CN121996931ACN 121996931 ACN121996931 ACN 121996931ACN-121996931-A

Abstract

The invention discloses a virtual inertia identification method suitable for a doubly-fed wind power plant, which comprises the steps of constructing a second-order transfer function and a virtual moment of inertia expression of grid-connected power and grid frequency of the doubly-fed wind power plant, collecting data, selecting a stable active power sequence and a grid angular frequency sequence as identification data, denoising, selecting quasi-steady state data to calculate a sagging control coefficient, discretizing the transfer function, identifying the coefficient of the discretized transfer function based on a regularized least square method, restoring the second-order transfer function based on the identified parameter, and calculating virtual moment of inertia by utilizing the coefficient of the second-order transfer function and the virtual moment of inertia expression.
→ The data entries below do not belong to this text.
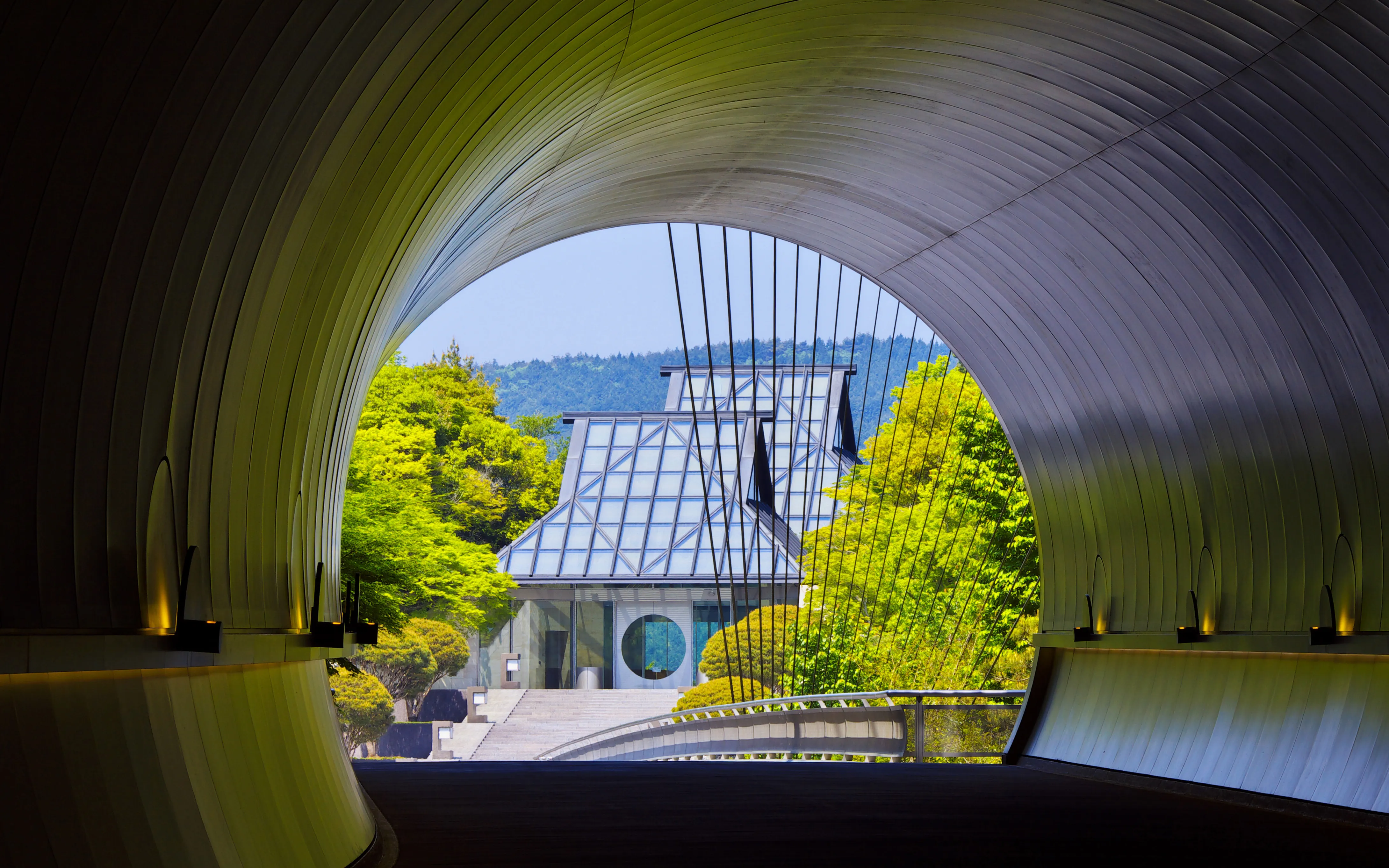 MIHO MUSEUMは1997年11月に琵琶湖の南、信楽の山中に誕生しました。建築設計は、パリ・ルーヴル美術館のガラスのピラミッドを設計したことで知られるI.M.ペイ氏。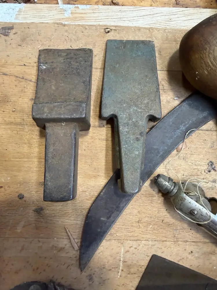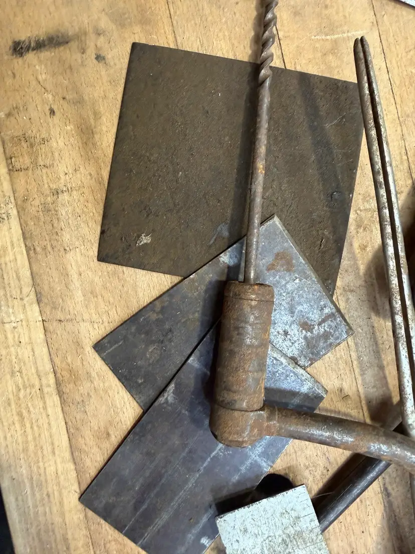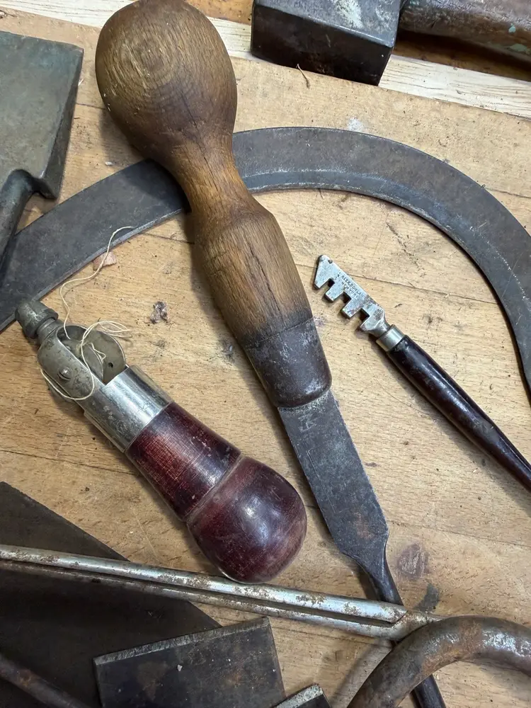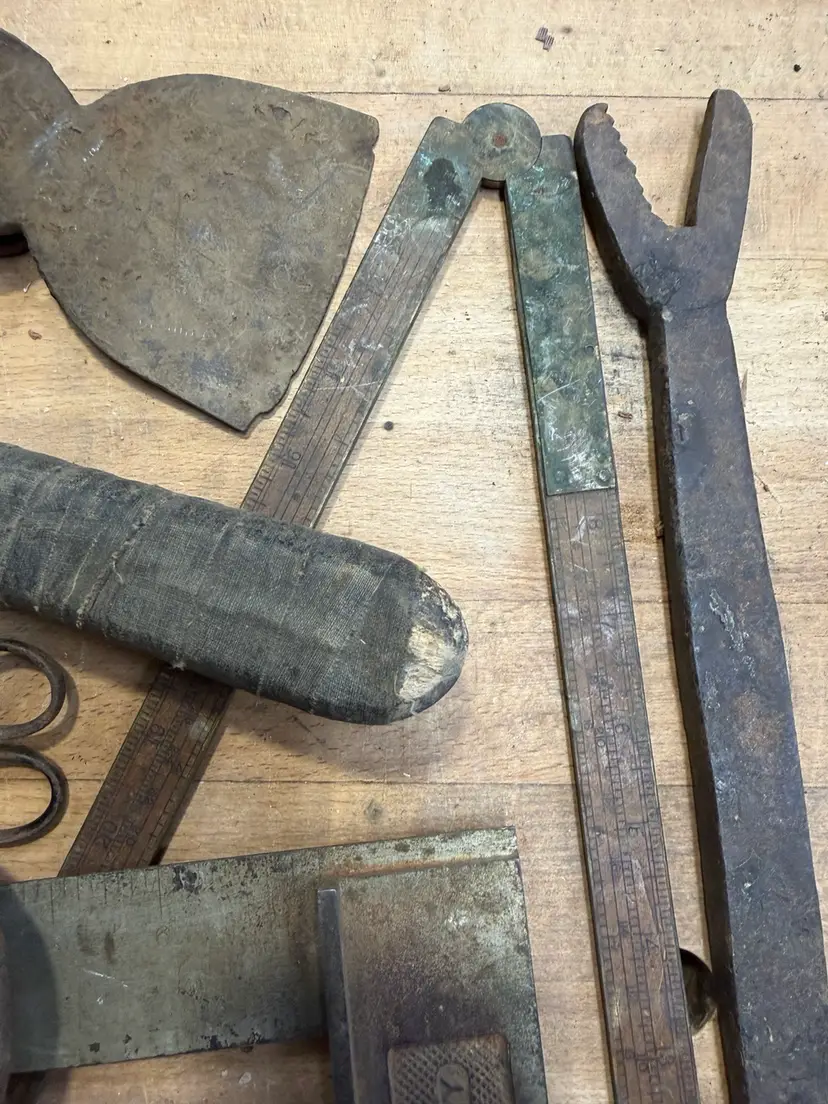 Box of miscellaneous tools. Card scrapers, long hemostat, blacksmithing (?) hot cuts (?), sickle (sharp), bit and brace, large screwdriver, folding rule with vintage repair and others.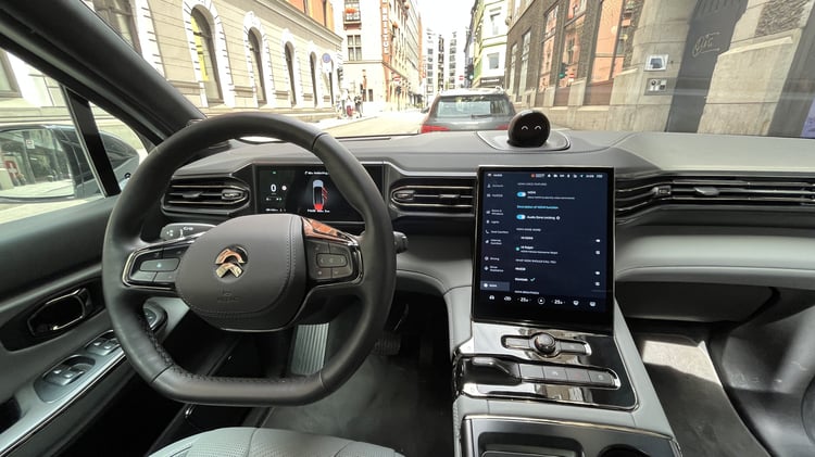 Non, non, Maxime, même pas en rêve : c’est le SUV ES8 qui t’attend dans une rue adjacente ! Lui, et Nomi, ton compagnon de voyage installé au milieu du tableau de bord pour veiller à ce que tout se passe bien pendant ton essai. La bouille du véhicule semblerait presque avoir été obtenue d’un mélange entre deux autres voitures chinoises : les MG Marvel R et Aiways U5.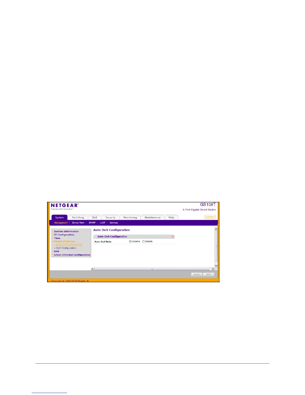 To access the Auto-DoS Configuration page, click System Management Denial of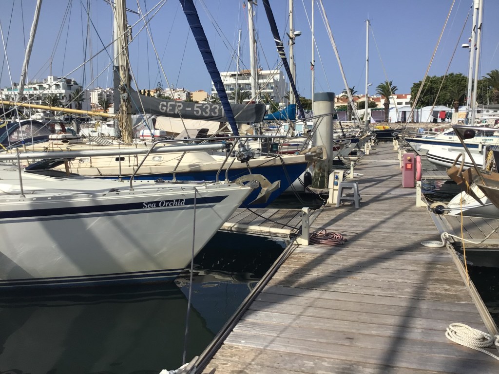 Having been pinned down in Culatra for three days by strong north westerly winds every day from midday till mid evening and forecast to continue for many days to come, the only way forward was going to have to be a night sail. So on Wednesday evening before dark I extracted the hook buried deep in the sand and mud, and sailed to the entrance of the lagoon where I anchored to wait an hour or so for the tide to turn. Unlike other night sails which have been across open water, this one was going to be along the coast, 40 nm to Lagos, and brought with it inherent risks. The biggest risk was going to be running over a pot and fouling the rudder or prop, and then there are numerous fishing boats, not on AIS, and prone to milling around in unpredictable directions. Obviously there is also the hazard of an altercation with the hard stuff, but a less obvious hazard is not being able to identify lights of boats and navigation marks set against the blazing lights ashore. Taking naps was not going to be an option. I had barely left the entrance and turned the corner to set course NW to Lagos, when I passed the first pot by less than half a boat length ! On the plus side though I had a F4 / 5 from North all night so had a fast and comfortable sail, being just 8 nm from destination by dawn, and I anchored off the beach. The mainsail tear that I had temporarily patched up with tape, had held out well, however I had arranged for a sailmaker to do a proper repair, so I took it into the marina in the dinghy to handover to him.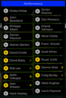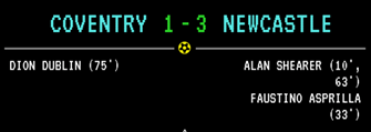 We absolutely murder them from the off. Asprilla threads the ball through to Shearer, who bangs in the opener. Then the Colombian gets on the scoresheet himself with a tidy finish after good work from Rob Lee. We’re swaggering all over the pitch and the hosts can’t get a kick. Another Shearer goal, from another Tino assist, puts us out of sight and I’m in the luxurious position of being able to sub the magnificent Asprilla, giving Big Mark Hateley a run-out for the latter stages.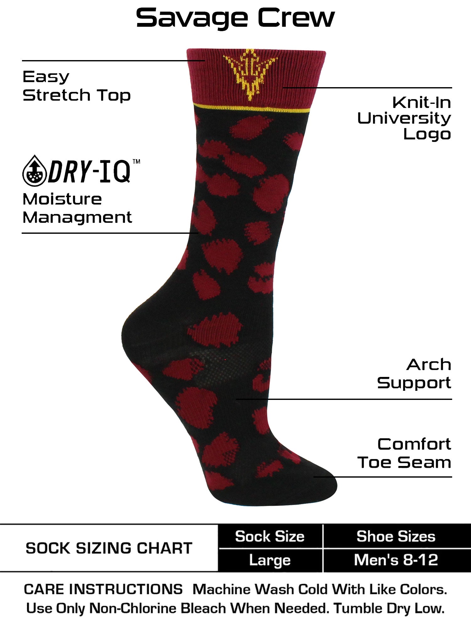 • COMFORT AND BREATHABILITY: These premium quality Arizona State Sun Devils leopard print casual socks provide soft comfort. Moisture management technology pulls moisture and sweat away from skin.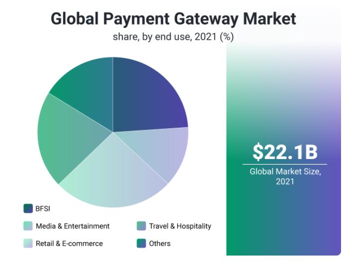 In 2021, the global payment gateway market size was valued at $22.09 billion USD, and is expected to expand at a compound annual growth rate (CAGR) of 22.1% from 2022 to 20301.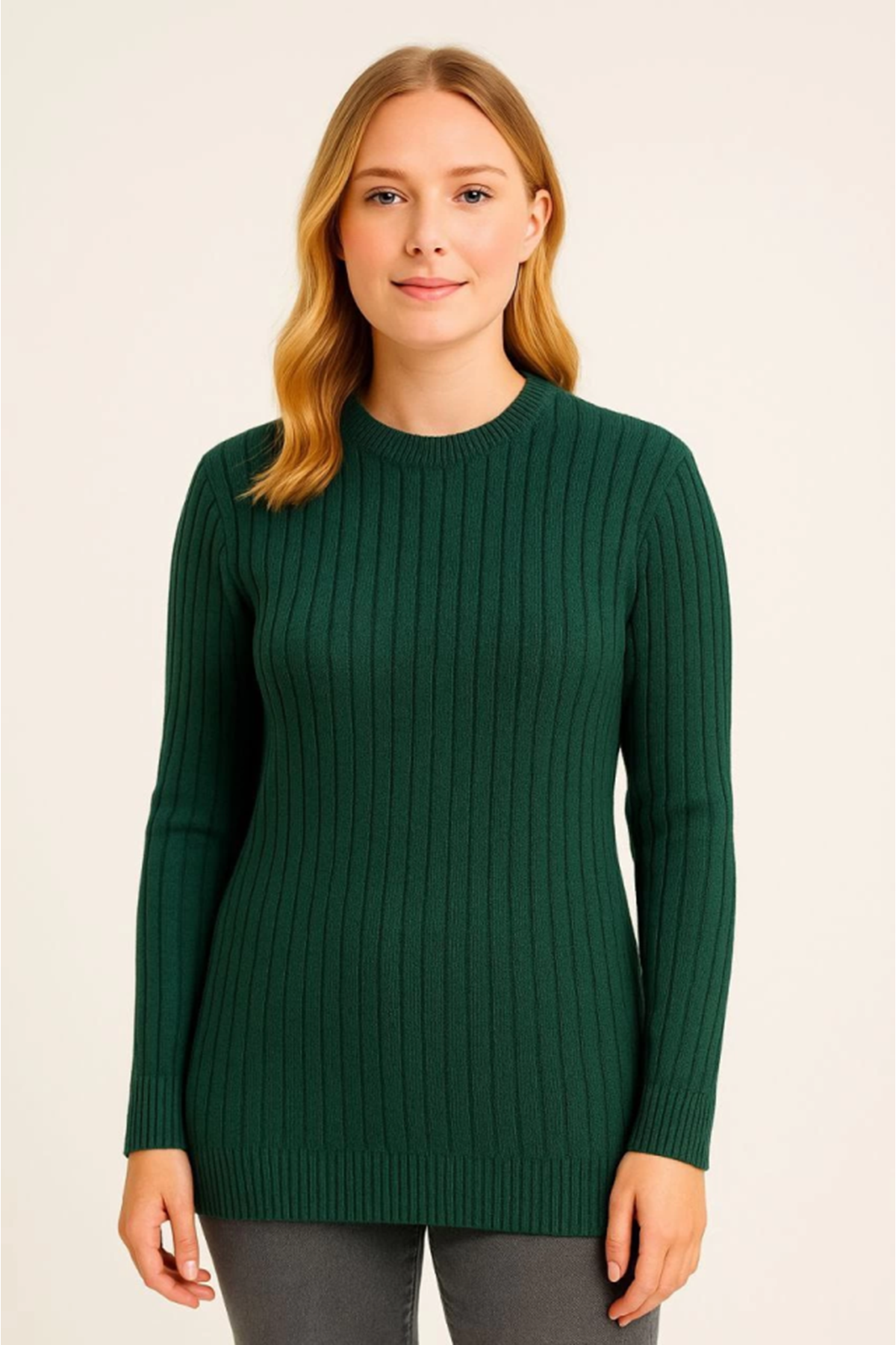 Bisiklet Yuvarlak Yaka Triko Kazak Pamuklu Kalın Fitilli Dokuma, Regular Fit Uzun Kollu Kışlık Model - Haki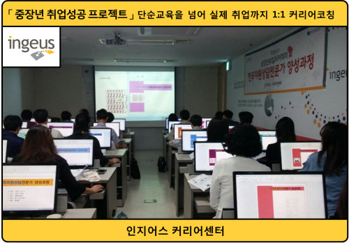 인지어스커리어센터에서는 과정을 수강하는 중장년들의 취업지원을 위해 직무기술능력과 구직능력을 향상시킬 수 있도록 커리어 코칭 및 취업지원도 함께 진행한다. 특히 실제 취업까지 연계될 수 있도록 단순 무료 교육을 넘어 교육 수료 후에도 지속적인 사후관리를 실시하여 중장년 구직자들이 취업을 성공적으로 할 수 있도록 지원한다.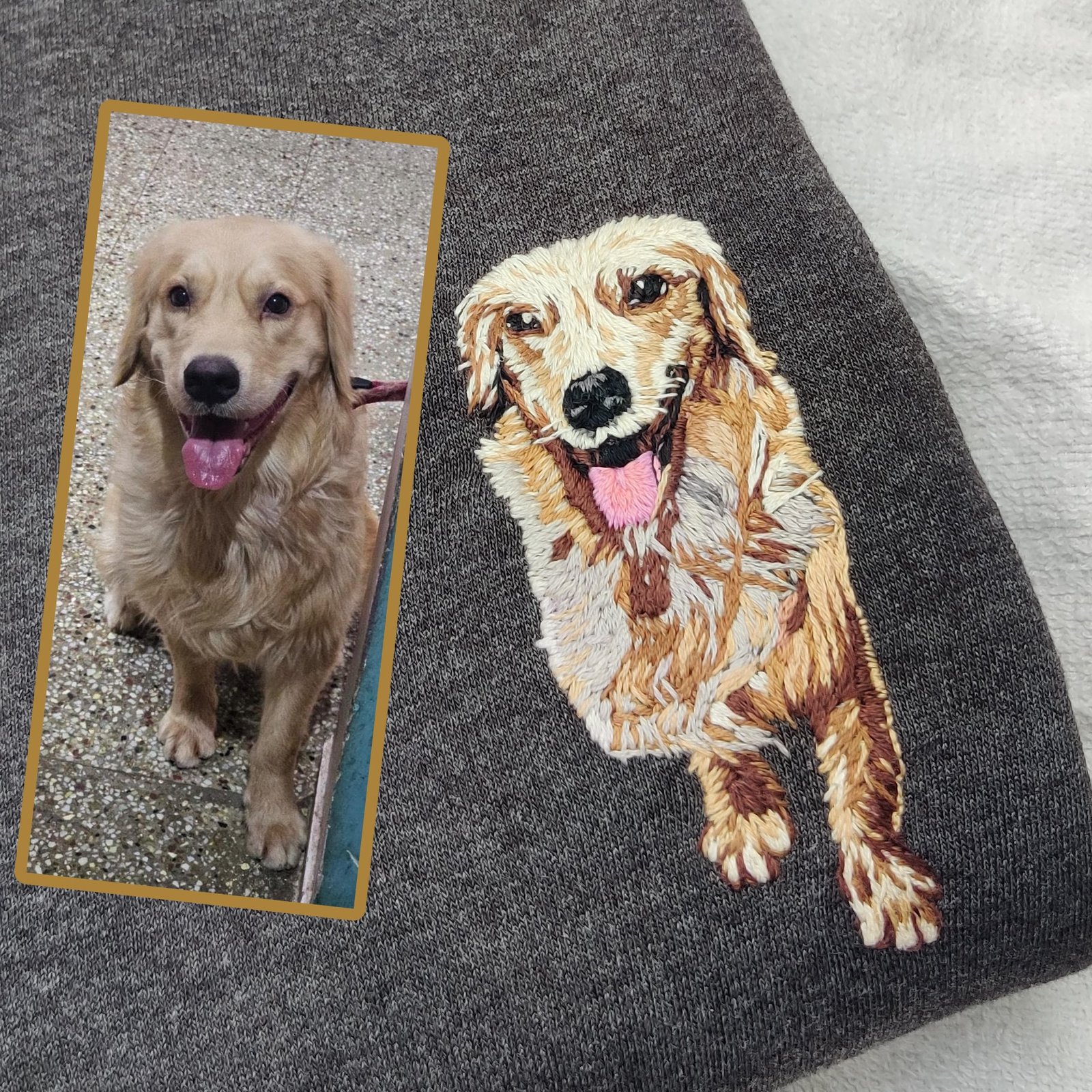 Each piece features a 2.5-inch custom pet portrait, stitched lovingly by hand using Anchor threads. You can personalize it further with a single initial — just a whisper of who they were to you, and still are.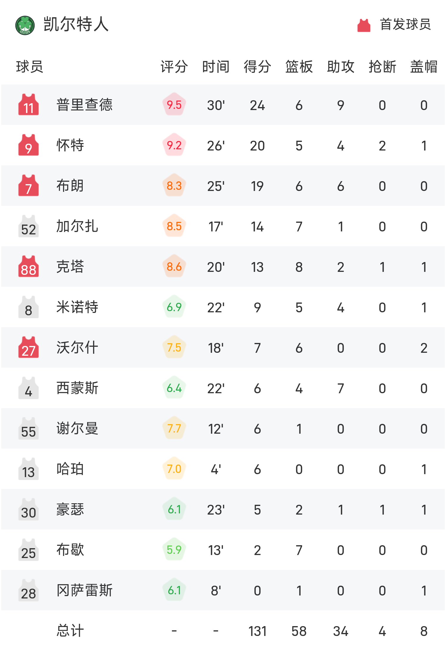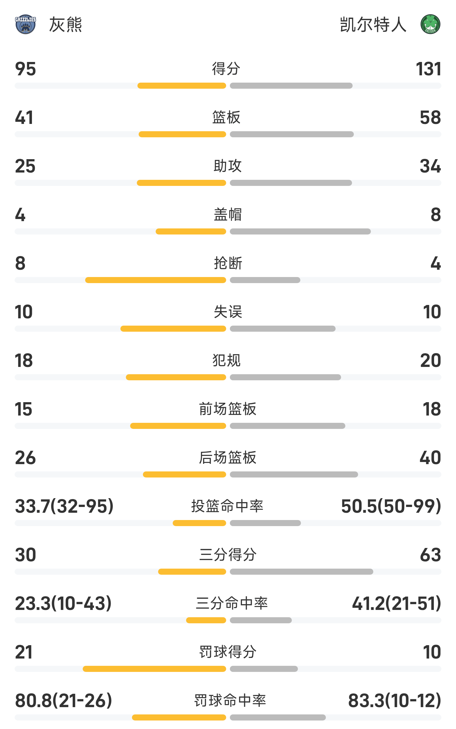 ในตอนท้ายของเกม เซลติกส์เอาชนะกริซลี่ส์ 131-95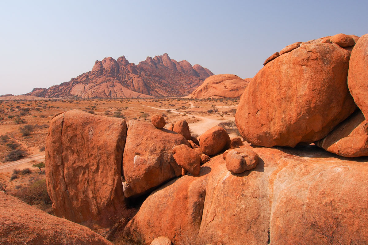 午前はブランベルグでのハイキング。ホワイトレディを見学します。その後、砂漠の植物‘ウェルウィッチャ’やオットセイのコロニー、ケープクロスへ。ナミビアのマッターホルン、スピッツコップにてキャンプ。個性的な花崗岩の岩山は朝夜夕と美しい景色が広がるでしょう。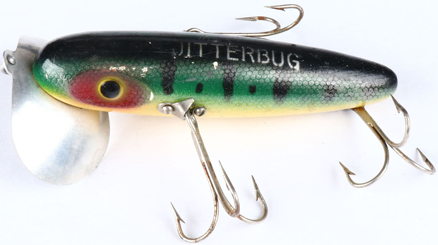 Fred Arbogast Jitterbug, green frog pattern with yellow belly, CE 3 hooks. Grade: Excellent - Value: 10 to 60

The method has the advantages that no phase delay exists in the process of identifying the virtual inertia of the doubly-fed wind power plant, the peak characteristic of inertia response is reserved, the inertia identification error caused by parameter coupling in the traditional method is solved, the phenomenon of severe oscillation of fitting parameters is prevented by introducing regularization factors, and the identification precision of the virtual inertia is remarkably improved.

Inventors

  • TANG WENZUO
  • ZHOU JIAXIN
  • YU YUE
  • LI BO
  • LIU YONGCHAO

Assignees

  • 国网重庆市电力公司经济技术研究院

Dates

Publication Date
20260508
Application Date
20260129

Claims (3)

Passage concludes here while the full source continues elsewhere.